# Abu Garcia Ultra Mag xl plus



## Al Kai (Jan 8, 2007)

I bought a Abu Garcia Ultra Mag XL plus on ebay.

I spooled this reel with 10 pound test monofilament line.

I use this reel to throw spinner baits and curly tailed grubs on a 1/3 ounce jig head.

The rod I use is an old St Croix Medallion rod. This rod is 8 feet long.

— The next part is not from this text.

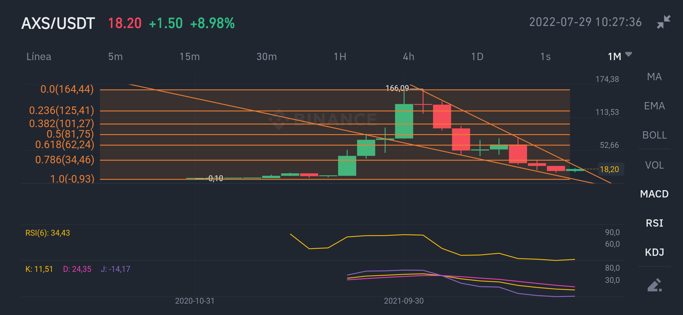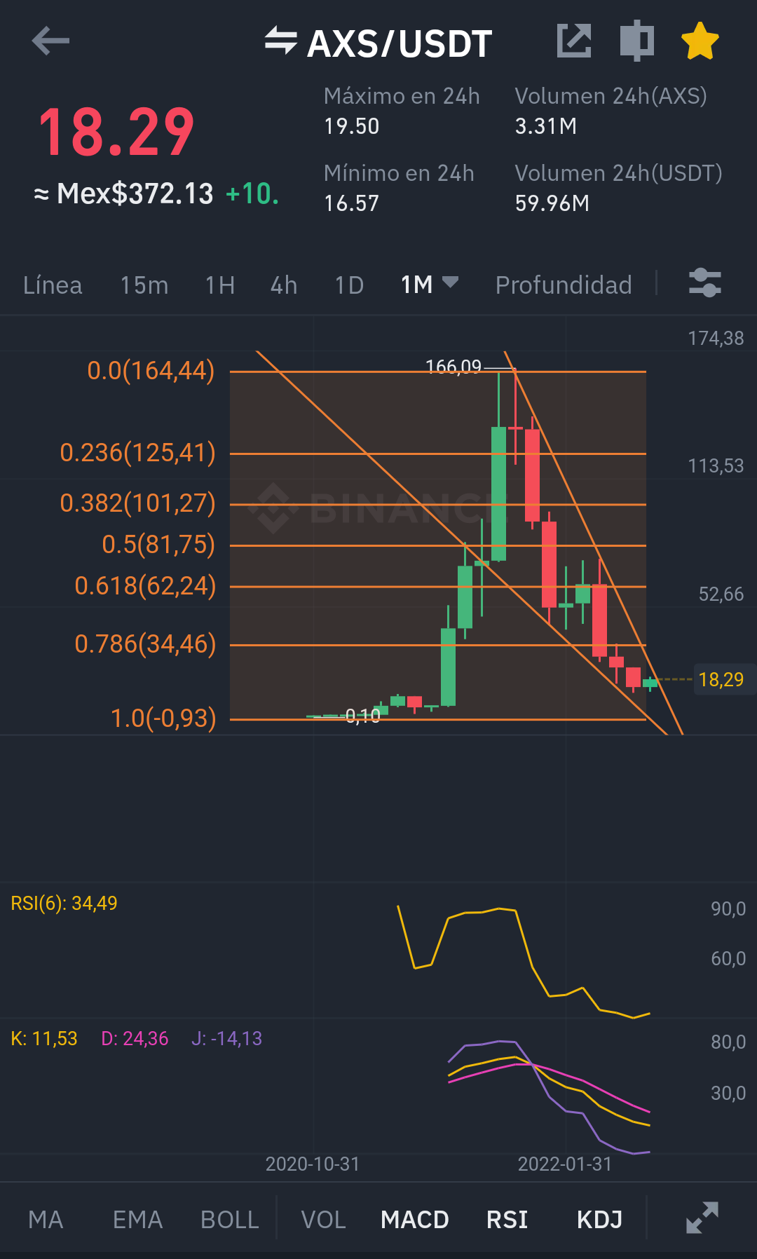 Utilizamos el indicador fibonacci tomando de referencia sus dos resistencias, combinado con el IRS, me hacen llegar a la conclusión de que el token esta sobrevendido y pronto podríamos ver un cambio de tendencia alcista.

I enjoy fishing with this rod reel combo, it is so smooth and is a joy to fish with.
If you need a small baitcaster to throw light line and lures you can't go wrong with this one, I say grab one if you can.


----------



## HuskyMD (May 19, 2000)

I have that same reel. I actually use it on a 10'er for tossing 4 ounces in the bay to catch croaker and spot. The drag isn't very good, I have to lock it down just to bring in a big croaker, but it is a smooth throwing reel!


----------



## kingfisherman23 (Dec 14, 2003)

Husky, there is a SmoothDrag upgrade that will replace the UM drag with a fiber drag washer. You can get decent drag pressures with the upgrade. Check Alan Tani's website for the exact info.

Evan


----------



## HuskyMD (May 19, 2000)

thanks Evan!, i just looked it up and small washer is Abu 3902 and the big washer is Shimano #2360, which is from the Curado 100D - smoothdrag sells them


----------



## cidman (Sep 10, 2007)

thanks for the info on the drag, sweet reel.


----------



## jlentz (Sep 11, 2005)

They are nice casting older reels but be sure to rinse them very well with fresh water after use in saltwater. Also an annual cleaning and lubing is necessary to make them last, actually more often than once a year would be better depending on how much you use it.. 

John


----------



## HuskyMD (May 19, 2000)

my drag appears to be leather.


----------



## kingfisherman23 (Dec 14, 2003)

Wouldn't be surprising, if your reel is one of the older ones. Leather was a common drag disc material.

Evan


----------



## HuskyMD (May 19, 2000)

I ordered new carbontex washers for it from smoothdrag last night. Helpful guy.


----------



## HuskyMD (May 19, 2000)

washers arrived today...what a difference! My Ultra mag xl II has a nice tight drag now, who'd have thunk it? Thanks SmoothDrag!


----------



## HuskyMD (May 19, 2000)

anybody ever tried upgrading the handle on an ultramag?


----------